# Input data:
□ □ □

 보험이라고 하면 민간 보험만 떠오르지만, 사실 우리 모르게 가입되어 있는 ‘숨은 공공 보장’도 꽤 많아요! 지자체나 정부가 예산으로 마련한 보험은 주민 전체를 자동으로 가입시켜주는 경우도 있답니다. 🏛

□ □ □

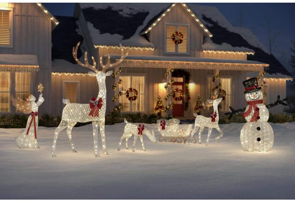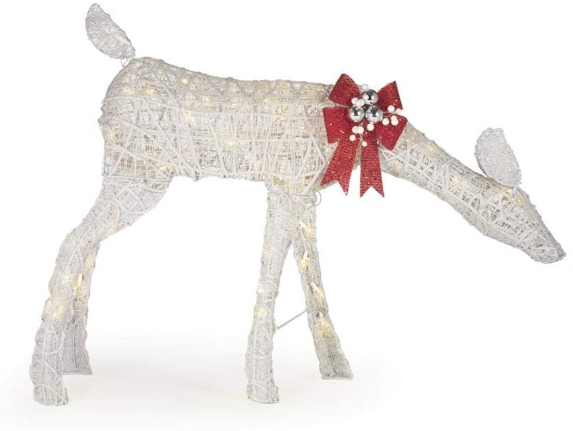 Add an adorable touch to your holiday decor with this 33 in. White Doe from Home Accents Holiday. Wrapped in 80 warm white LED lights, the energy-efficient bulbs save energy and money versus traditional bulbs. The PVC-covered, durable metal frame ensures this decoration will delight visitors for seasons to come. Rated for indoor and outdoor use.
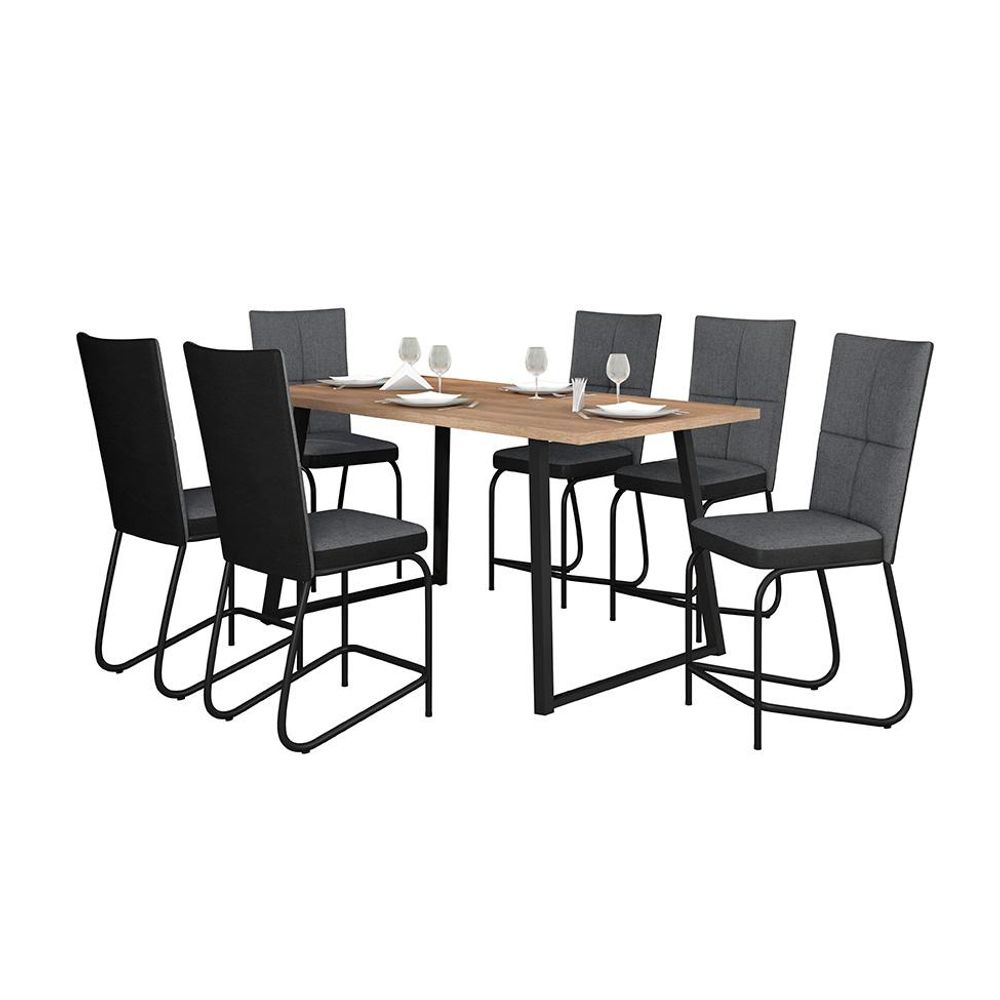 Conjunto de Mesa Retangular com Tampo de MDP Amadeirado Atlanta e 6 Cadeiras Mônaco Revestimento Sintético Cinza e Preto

□ □ □

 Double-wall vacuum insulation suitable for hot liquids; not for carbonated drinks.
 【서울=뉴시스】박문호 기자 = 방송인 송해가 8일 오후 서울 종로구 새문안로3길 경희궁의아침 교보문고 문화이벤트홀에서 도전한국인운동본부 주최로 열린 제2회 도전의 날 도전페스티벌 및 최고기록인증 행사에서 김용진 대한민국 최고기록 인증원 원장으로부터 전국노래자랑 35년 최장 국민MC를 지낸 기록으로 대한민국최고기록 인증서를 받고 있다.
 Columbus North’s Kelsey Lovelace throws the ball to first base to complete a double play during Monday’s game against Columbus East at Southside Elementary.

□ □ □

# Required work:
Your answer should be the exact lines above from the one with "Double-wall vacuum insulation" through the one with "Columbus North’s Kelsey", both included, and nothing besides.

# Result of the task:
 Double-wall vacuum insulation suitable for hot liquids; not for carbonated drinks.
 【서울=뉴시스】박문호 기자 = 방송인 송해가 8일 오후 서울 종로구 새문안로3길 경희궁의아침 교보문고 문화이벤트홀에서 도전한국인운동본부 주최로 열린 제2회 도전의 날 도전페스티벌 및 최고기록인증 행사에서 김용진 대한민국 최고기록 인증원 원장으로부터 전국노래자랑 35년 최장 국민MC를 지낸 기록으로 대한민국최고기록 인증서를 받고 있다.
 Columbus North’s Kelsey Lovelace throws the ball to first base to complete a double play during Monday’s game against Columbus East at Southside Elementary.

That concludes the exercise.